# Chicken Poop On and In Waterer



## bantylover (Oct 3, 2012)

What is the best way to keep my chickens from pooping all over the watering can? It's winter here and the watering can is on a warmer, but the "girls" like to sit on top of it and then they poop in the water. I change the water daily but I get tired of chicken poop everywhere....any suggestions?


----------



## Treehouse (Nov 2, 2012)

bantylover said:


> What is the best way to keep my chickens from pooping all over the watering can? It's winter here and the watering can is on a warmer, but the "girls" like to sit on top of it and then they poop in the water. I change the water daily but I get tired of chicken poop everywhere....any suggestions?


(note: I'm no expert) is it a hanging watered? if not, perhaps put something over it like a big cardboard box? or something wobbly they won't want to roost on like tin foil . if yes, try offering them alternative and enviting roosts???


----------



## woody (Dec 25, 2012)

I would agree. Placing something over it or possibly putting something higher around it for them to roost on. I have had the same problem in the past.

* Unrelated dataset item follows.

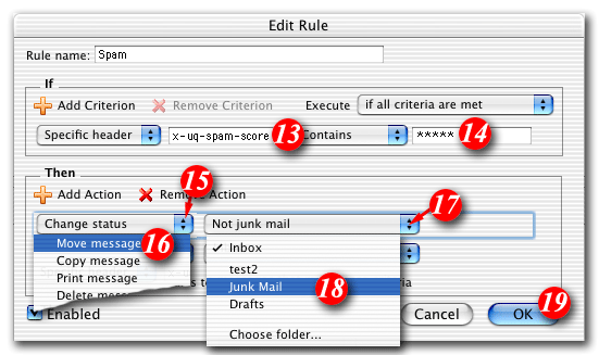 For example, if you wanted to consider anything with a score of 4 or more to be spam, the rule would look like: 'X-SpamDetect: ***'. Decreasing the number of asterisks will result in classifying more e-mails as spam. You may need to check your spam folder more carefully for non-spam e-mails that might have been classified as spam. If you wanted to rate anything with a score of 8 or greater as spam, the rule would look like: 'X-SpamDetect: ********'. Increasing the number of asterisks may result in fewer filtered e-mails being classified as spam and more potential spam staying in your Inbox.

It's hard to keep it poop free


----------



## bantylover (Oct 3, 2012)

*Watering Can & Chicken Poop*

My watering can can't be hung because of the cold it's 10 degrees here in Iowa, I did try and put foil on it and cardboard but I have smart chickens and they removed both of those I guess I will have to "build" a table over it. I was trying not to do that but I think it's probably the best answer, I'll just have to make it a little larger than the rim of the watering can. Thanks for all your suggestion though!!!


----------



## Energyvet (Jul 25, 2012)

I just prop mine up about 2 inches off the ground on an upside down food bowl. Seems to keep out all the nasties and doesn't freeze as easily.


----------



## Energyvet (Jul 25, 2012)

Didn't realize they were roosting there. Big pointed hat on top.


----------



## CharlieEcho (Nov 25, 2012)

*Back high;*

We have the heated waterers in our barn and hen house. I have placed our waterers on an old truck wheel with a webber grill grate over the wheel. The chickens can just hop onto the grate and get their drink. It keeps the waterers cleaner much longer. Keeps the bedding and poop out of them.

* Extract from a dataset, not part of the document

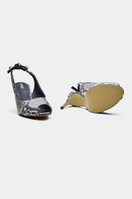 Slingback design with bow details, Peep-toe opening, Textured snakeskin pattern

One waterer is the plastic type with no place for them to actuall sit. The other is the metal font with a small handle that is probably uncomfortable for them to sit on. So we haven't had a roosting problem.

I only have a picture of the one in the barn. I think you can see it's sitting on a concrete stepping stone. We have since placed the truck wheel under the stone. Back high is a term I have heard quite often to keep feeders and waterers clean. The one feeder I made has a dowel rod handle that rotates if a bird sits on it so they can't perch.


----------



## TheLazyL (Jun 20, 2012)

get a plastic funnel and hang it over the waterer upside down.....


----------



## fuzziebutt (Aug 7, 2012)

I put a metal mixing bowl over mine. They were scared of the bowl because of the noise of the toenails on it, and the clattering of it falling when they tried to get on it!!


----------